This guide defines the metric vocabulary, gives a recommended metric set with concrete label schemas, walks through instrumenting a limiter end to end, and covers the one mistake that takes a metrics pipeline down faster than any traffic spike: unbounded label cardinality. Two child guides go deeper — one on the exact Prometheus metrics for rate limiting you define in code, and one on building Grafana rate limit dashboards from those metrics.

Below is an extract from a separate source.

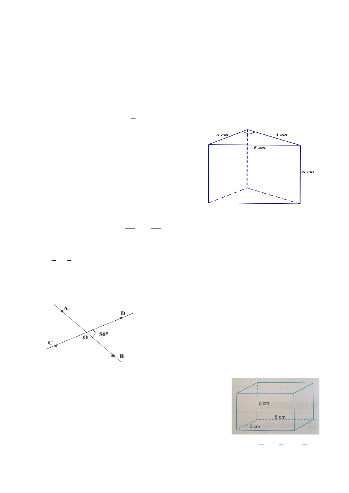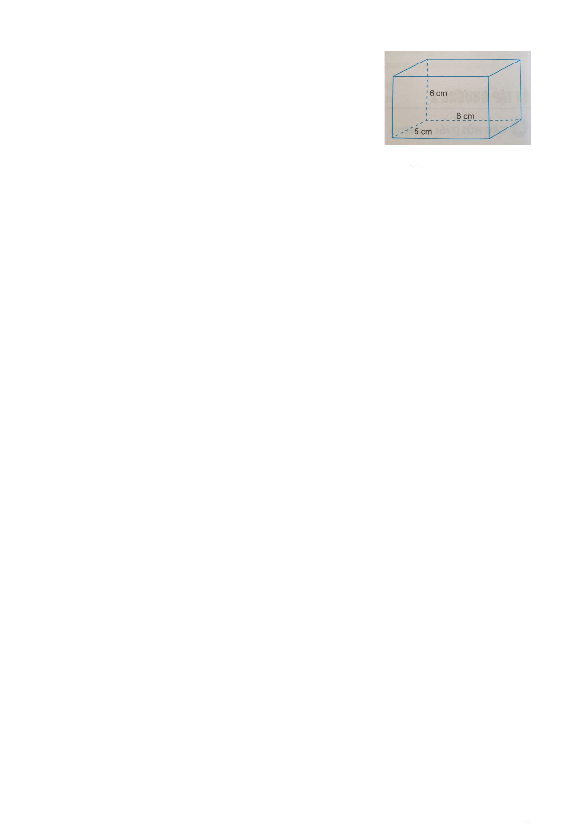 Thể tích của hình hộp chữ nhật: 5.6.8 = 240 cm3 0,5

Telemetry path from limiter decision to time-series database A limiter emits counters, histograms, and gauges into a local registry, Prometheus scrapes the metrics endpoint on an interval, and samples land in the time-series database for dashboards and alerts. Limiter allow / block decision Registry counter histogram gauge Prometheus scrape /metrics every 15s TSDB dashboards + alerts inc/obs pull write

The five things worth measuring

Every other dashboard panel and alert in this area is built from a small, stable set of signals. Measure these and you can answer almost any operational question about the limiter; skip them and you are debugging blind.

  1. Allowed vs blocked request counts. The single most important signal: how many requests the limiter let through and how many it rejected with 429. The ratio of these — the block rate — is what dashboards and alerts ultimately watch. Split by decision so you can compute blocked / (allowed + blocked) directly.
  2. Limit utilization (remaining / limit). How close clients run to their ceiling before they get rejected. A fleet sitting at 95% utilization is one traffic bump away from mass 429s; a fleet at 10% has headroom. This is a gauge or a histogram of the X-RateLimit-Remaining you already compute.
  3. Limiter decision latency. How long the allow/deny decision itself takes. For an in-memory check this is microseconds; for a Redis-backed check it is the round-trip, typically 0.2–1 ms intra-AZ. Latency that climbs is your earliest warning that the store is struggling.
  4. Store (Redis) errors and latency. Connection errors, timeouts, and command latency against the backing store. A limiter is only as available as the store it consults, so store health is limiter health. The Redis counter architecture is the dependency you are monitoring here.
  5. Fail-open events. Every time the limiter could not reach the store and let the request through anyway (or rejected it, if you fail closed). This is the most dangerous blind spot: when the limiter fails open, block counts drop to zero and a naïve dashboard looks healthy while no limiting is happening at all. Count fail-open decisions explicitly so you can alert on them.

Choosing the metric type

Prometheus offers three instrument types that matter here. Picking the wrong one either loses information or wastes storage.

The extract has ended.